Some engines, such as GM's Premium V family, use crank position sensors which read a reluctor ring integral to the harmonic balancer. This is a much more accurate method of determining the position of the crankshaft and allows the computer to determine, within a few degrees, the exact position of the crankshaft (and thereby all connected components) at any given time.

== Function ==
The functional objective for the crankshaft position sensor is to determine the position and/or rotational speed (RPM) of the crank. Engine Control Units use the information transmitted by the sensor to control parameters such as ignition timing and fuel injection timing. In a diesel, the sensor will control the fuel injection. The sensor output may also be related to other sensor data including the cam position to derive the current combustion cycle, this is very important for the starting of a four-stroke engine.

Sometimes, the sensor may become burnt or worn out - or just die of old age at high mileage.

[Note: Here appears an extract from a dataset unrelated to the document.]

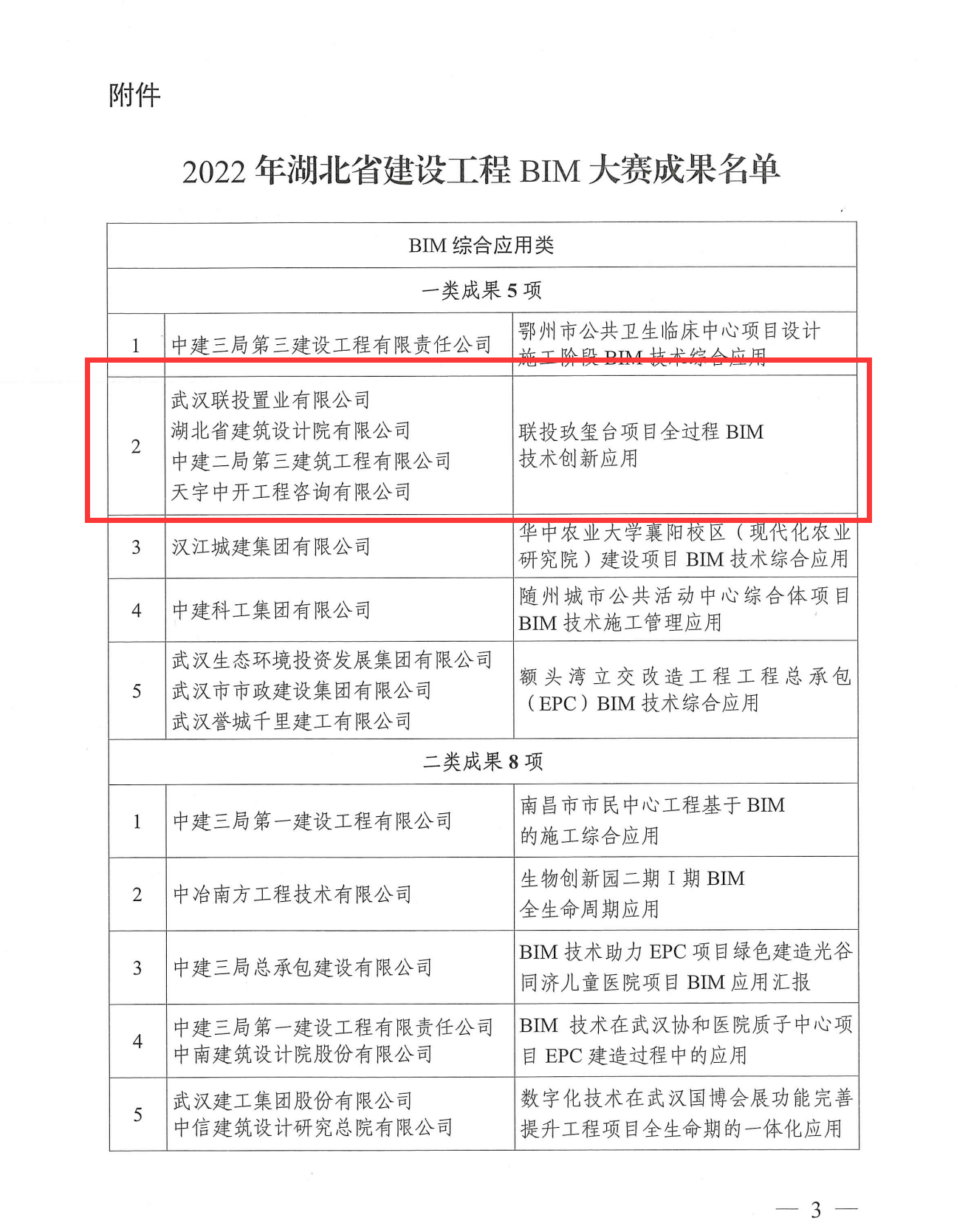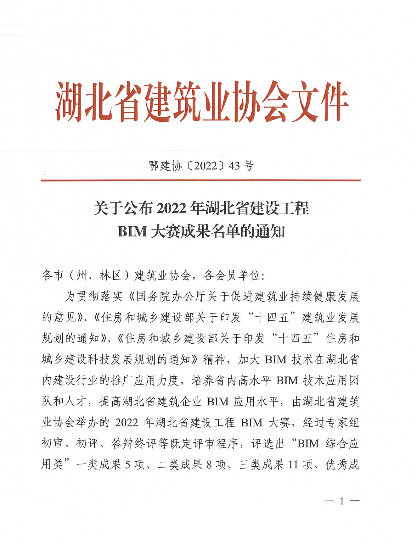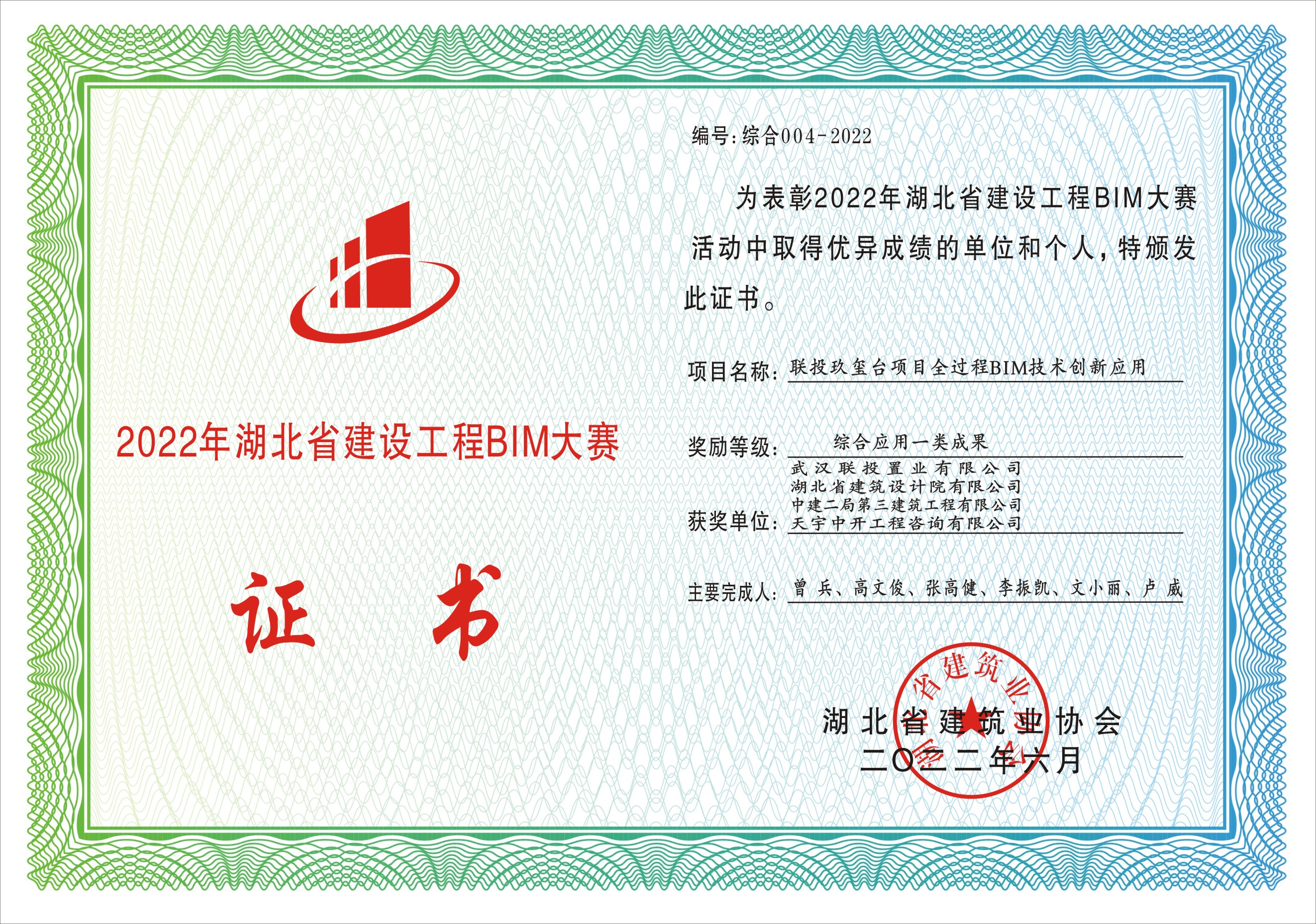 2022年6月23日,由湖北省建筑業協會舉辦的2022年湖北省建設工程BIM大賽在武漢落幕,由我院與聯投置業等單位聯合申報的聯投玖璽臺項目,從參賽的100多個項目中脫穎而出,成功斬獲BIM技術綜合應用一類成果獎,實現省內首個房地產項目BIM技術全過程應用,也是湖北聯投首個以業主方主導模式下的BIM技術應用。

One likely cause of crankshaft position sensor failure is exposure to extreme heat. Others are vibration causing a wire to fracture or corrosion on the pins of harness connectors. Many modern crankshaft sensors are sealed units and therefore will not be damaged by water or other fluids. When it goes wrong, it stops transmitting the signal which contains the vital data for the ignition and other parts in the system.

A bad crank position sensor can worsen the way the engine idles, or the acceleration behaviour. If the engine is revved up with a bad or faulty sensor, it may cause misfiring, motor vibration or backfires. Acceleration might be hesitant, and abnormal shaking during engine idle might occur. In the worst case, the car may not start.

The first sign of crankshaft sensor failure, usually, is the refusal of the engine to start when hot but will start again once the engine has cooled.

One detail of some designs is the "three-wire" inductive crank sensor whereby the third wire is actually just a co-axial shield around the two main sensor wires to prevent them from picking up stray electrical pulses from elsewhere in the vehicle engine bay.

== Examples ==
Another type of crank sensor is used on bicycles to monitor the position of the crankset, usually for the cadence readout of a cyclocomputer. These are usually reed switches mounted on the bicycle frame with a corresponding magnet attached to one of the pedals crankset arms.

== Notes ==
GMR (giant magnetoresistance) technology is also used for Crank, Cam rotor sensing purpose. Mitsubishi is the first who used this technology in automotive application purpose.